Природу называют «вечною» (в том числе – и Пушкин). Действительно, она как бы подавляет нас своим припевом: «ты уйдешь, а я останусь». Но это ощущение – обманчиво. Видимая природа настолько же вечна, как и видимые люди. После нас будут новые люди и – новая природа. Сегодняшнее небо никогда не повторится. Деревья – в тех местах, где они растут, – все будут срублены или погибнут. Башни разрушатся, и города исчезнут. И ни единый из толпы, которая течет обильной рекой по тротуарам, не возродится в будущем со всею своею оболочкою: ни одного теперешнего носа, ни одной пары глаз, ни одного платья не останется. Будет вечною только жизнь вообще, но не наша, не современная нам жизнь.

XIX

Когда вы читаете историю, то, не правда ли, какою величественною картиною развертывается перед вами прошлое человечества? Перед вами чередуются великие исторические имена, и, согласитесь, что самые образы этих исчезнувших людей рисуются вам не в обыденной обстановке, а в какой-то фантастической глубине, в особенной воздушной перспективе, как будто вне земли, точно в области сновидения, в невообразимом пространстве без почвы и границ… А между тем все эти люди никуда не возносились. Они топтали нашу землю, и все их подвиги, все создания их гения – с точки зрения физической – совершились в низеньком пространстве над земною поверхностью, не превышающем воробьиного полета. Крыши домов – вот та крайняя черта, за которую никогда не переступала мелкая сутолока нашей истории от ее незапамятных времен.

XX

Пройдет несколько столетий, и смерть Александра II будет изукрашена фантазией…

А вот как она произошла в действительности.
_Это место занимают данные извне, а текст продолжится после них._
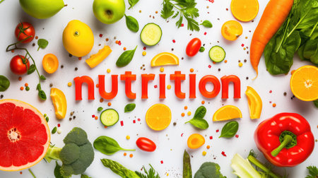 Nutrion title text food lettering, on table with juicy fruits around, kiwi, apples, strawberries, oranges and mandarin, raspberry and pineapple. High quality illustration

В последние годы царствования Александр II не выезжал и не выходил иначе, как под угрозою смерти. Если он гулял – вся площадь его прогулки охранялась издали, по всем пунктам, невидимыми сыщиками. Выезжал он в карете на лежачих рессорах с пикетом конного конвоя вокруг и с кавказцем на козлах, возле кучера. Процессы о покушениях на его жизнь то и дело разбирались и печатались в газетах. Взрывание поездов, в которых он следовал, стреляние в него на улице, во время его прогулки, и подкопы с динамитом под Зимний дворец и под целую улицу, ведущую к Манежу, – все это уже приучило публику быть наготове, что такие покушения и впредь будут продолжаться. Но случай постоянно выручал государя. Поневоле как-то верилось, что, несмотря на вечное преследование, он каким-то чудом превратился в неуязвимого. Но смерть в том или другом виде, конечно, должна была его со временем постигнуть. А он смотрел еще молодцом, рослый и величественный, мягкодушный и популярный, благодаря прежним заслугам, с поседевшими баками, побледневшим лицом, с выпуклыми голубыми глазами, глядевшими гордо и мечтательно из лучистых морщин. Воспитанный льстивым и сентиментальным поэтом, ставший на ноги под обаянием всемогущего монархического режима своего отца, Александр II любил романическую помпу монархии. Он жил в громадном Зимнем дворце, размножал свою свиту, издавал подробные церемониалы своих дворцовых выходов, бальных шествий, церковных процессий, всяких торжеств среди царской фамилии и, постоянно посещая институты, любил немое обожание девственниц к недостижимой и вечно привлекательной особе царя. Его роман с Долгорукою (также примеченною им в институте) придавал ему значение неувядаемого jeune premier[5 - героя-любовника (фр.).]. И часто, когда Зимний дворец горел бесчисленными огнями своих окон, где, в разных концах, помещались и покинутая больная государыня, и пышная свита, и собственные апартаменты запуганного и нервного правителя, – прохожий задумывался над будущими судьбами этого еще величественного в данную минуту, но крайне тревожного царствования…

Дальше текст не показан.